Le vice-président allemand a appelé à "geler d’urgence" les milliards d’euros versés par l’UE à la Turquie au titre de l'"instrument d’aide à la préadhésion", censé soutenir le "renforcement des droits de l'Homme et des libertés fondamentales".
C’est un montant qui fait grincer les dents à la suite des 9 000 arrestations et gardes à vue liées au coup d'État manqué en Turquie. Pour soutenir, notamment, "le renforcement des institutions et l’État de droit, les droits de l’Homme, y compris les libertés fondamentales", l’Union européenne (UE) a versé 4,8 milliards d’euros à Ankara depuis 2007 au titre de "l’instrument d’aide de préadhésion", un véhicule financier destiné à accompagner les pays candidats à une adhésion à l’UE.
Des milliards d’euros versés par Bruxelles dont le quotidien allemand Süddeutsche Zeitung a fait état, vendredi 21 juillet. La Commission européenne, contactée par France 24, a confirmé ce montant qui se double, en outre, d’une provision de 4,45 milliards d’euros supplémentaires à verser d’ici 2020 dans le cadre du même programme.
"Vaste blague"
Est-il opportun de continuer à verser ces subsides pour aider un régime accusé de dérive autoritaire à s’aligner - d’après la description officielle de ce programme - "sur les standards européens" (droits de l'Homme, institutions démocratiques, etc.) ? La question commence à faire débat. En Allemagne, le vice-président Johannes Singhammer (droite conservatrice) estime que ce soutien financier à la Turquie est "une vaste blague" et qu’il faut "geler immédiatement" cette manne.
À Berlin, la question est d’autant plus sensible que l’Allemagne a contribué à hauteur de plus d’un milliard d’euros, soit plus d’un cinquième des sommes totales versées depuis 2007. Pour Johannes Singhammer, cet argent versé depuis près de 10 ans a été en grande partie jeté par la fenêtre tant l’aide apparaît "après coup comme n’ayant eu aucun effet" sur le renforcement des valeurs démocratiques en Turquie.
De son côté, Bruxelles ne s’est pas encore fait de religion sur la question. "La Commission va réévaluer en permanence la situation en Turquie et ajuster si nécessaire et en fonction des besoins l’allocation de ces fonds", a déclaré un porte-parole de la Commission européenne à France 24. Il a précisé que l’UE "s’assure que l’argent a un impact sur le terrain". L’Union ne semble, en tout cas, pas encore prête à déclencher la clause de suspension de l’aide qui est prévue par les textes européens lorsqu’un pays "ne réalise pas de progrès suffisants concernant le respect des critères d’adhésion".
Huit pays bénéficiaires
La Turquie n’est pas le seul pays à bénéficier de cette manne, mais il en est de loin le plus important destinataire. Depuis 2007, plus d’un milliard d’euros a été versé à la Serbie et l’Albanie a reçu environ 530 millions d’euros, d’après le rapport 2015 de la Commission européenne sur l’Instrument d’aide de préadhésion. En tout, huit pays font partie de ce programme.

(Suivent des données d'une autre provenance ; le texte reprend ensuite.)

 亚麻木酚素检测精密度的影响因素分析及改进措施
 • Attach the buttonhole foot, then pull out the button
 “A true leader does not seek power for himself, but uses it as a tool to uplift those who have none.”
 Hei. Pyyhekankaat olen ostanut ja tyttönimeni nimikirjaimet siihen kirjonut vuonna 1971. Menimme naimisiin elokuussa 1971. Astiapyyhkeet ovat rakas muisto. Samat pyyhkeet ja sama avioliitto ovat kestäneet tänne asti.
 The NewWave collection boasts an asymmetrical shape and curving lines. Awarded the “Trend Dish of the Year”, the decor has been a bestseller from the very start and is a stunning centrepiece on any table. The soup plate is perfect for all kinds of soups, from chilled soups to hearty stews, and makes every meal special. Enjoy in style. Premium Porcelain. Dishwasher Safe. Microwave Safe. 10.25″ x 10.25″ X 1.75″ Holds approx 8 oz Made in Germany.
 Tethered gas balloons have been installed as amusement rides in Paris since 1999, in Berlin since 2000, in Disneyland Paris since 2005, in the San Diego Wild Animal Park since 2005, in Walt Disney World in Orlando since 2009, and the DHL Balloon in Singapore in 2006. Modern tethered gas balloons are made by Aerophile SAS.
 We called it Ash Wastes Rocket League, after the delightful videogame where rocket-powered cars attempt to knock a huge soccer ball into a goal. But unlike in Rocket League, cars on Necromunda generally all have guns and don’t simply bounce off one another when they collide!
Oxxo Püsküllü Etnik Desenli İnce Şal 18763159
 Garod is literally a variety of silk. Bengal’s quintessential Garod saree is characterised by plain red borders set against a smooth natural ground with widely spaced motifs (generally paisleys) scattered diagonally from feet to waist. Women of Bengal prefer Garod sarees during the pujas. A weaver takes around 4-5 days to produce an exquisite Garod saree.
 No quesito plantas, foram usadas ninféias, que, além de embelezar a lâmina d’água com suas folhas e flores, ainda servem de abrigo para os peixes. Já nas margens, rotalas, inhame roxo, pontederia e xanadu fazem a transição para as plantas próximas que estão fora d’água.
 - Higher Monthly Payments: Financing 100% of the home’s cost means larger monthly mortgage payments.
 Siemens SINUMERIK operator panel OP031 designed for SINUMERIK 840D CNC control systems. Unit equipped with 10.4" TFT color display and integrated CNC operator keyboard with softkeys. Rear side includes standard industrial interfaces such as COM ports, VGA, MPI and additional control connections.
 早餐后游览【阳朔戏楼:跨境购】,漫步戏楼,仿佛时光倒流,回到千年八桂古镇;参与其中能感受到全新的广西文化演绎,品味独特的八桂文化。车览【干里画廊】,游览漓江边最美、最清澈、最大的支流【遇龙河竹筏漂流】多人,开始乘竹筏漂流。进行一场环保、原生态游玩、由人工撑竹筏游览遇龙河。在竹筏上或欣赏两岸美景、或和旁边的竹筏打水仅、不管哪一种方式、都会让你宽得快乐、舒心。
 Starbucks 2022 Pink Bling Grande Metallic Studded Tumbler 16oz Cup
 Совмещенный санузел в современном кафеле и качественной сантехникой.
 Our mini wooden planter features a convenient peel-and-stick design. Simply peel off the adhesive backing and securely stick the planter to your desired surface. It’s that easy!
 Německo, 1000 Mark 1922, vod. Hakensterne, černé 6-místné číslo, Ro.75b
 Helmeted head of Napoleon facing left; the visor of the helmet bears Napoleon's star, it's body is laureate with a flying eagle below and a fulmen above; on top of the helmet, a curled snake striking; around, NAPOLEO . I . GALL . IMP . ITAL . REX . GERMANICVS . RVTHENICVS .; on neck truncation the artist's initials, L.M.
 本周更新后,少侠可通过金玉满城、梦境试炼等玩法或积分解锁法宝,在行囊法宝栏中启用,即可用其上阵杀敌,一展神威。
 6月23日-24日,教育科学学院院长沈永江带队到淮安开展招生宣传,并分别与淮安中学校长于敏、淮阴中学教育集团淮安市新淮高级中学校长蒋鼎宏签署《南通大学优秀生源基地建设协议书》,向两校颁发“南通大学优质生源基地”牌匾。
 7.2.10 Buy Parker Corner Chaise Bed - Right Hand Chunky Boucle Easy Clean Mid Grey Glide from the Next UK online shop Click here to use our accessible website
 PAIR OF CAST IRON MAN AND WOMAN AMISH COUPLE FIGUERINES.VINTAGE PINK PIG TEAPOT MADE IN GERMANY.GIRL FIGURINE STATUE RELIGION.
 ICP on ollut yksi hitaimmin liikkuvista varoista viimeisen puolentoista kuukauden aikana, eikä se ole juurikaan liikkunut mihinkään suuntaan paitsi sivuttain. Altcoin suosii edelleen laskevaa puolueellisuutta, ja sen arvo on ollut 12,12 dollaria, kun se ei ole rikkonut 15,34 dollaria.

La promotion des droits de l’Homme et de l’État de droit n'est pas le seul but de cette aide à la préadhésion, comme le rappelle un document européen de janvier 2016 consacré aux fonds qui vont être versés à la Turquie d’ici 2020. Ainsi 24,3 % de ces 4,45 milliards d’euros vont être alloués à des initiatives en faveur de l’environnement et de l’innovation, tandis que près de 900 millions d’euros serviront à développer et moderniser l’agriculture.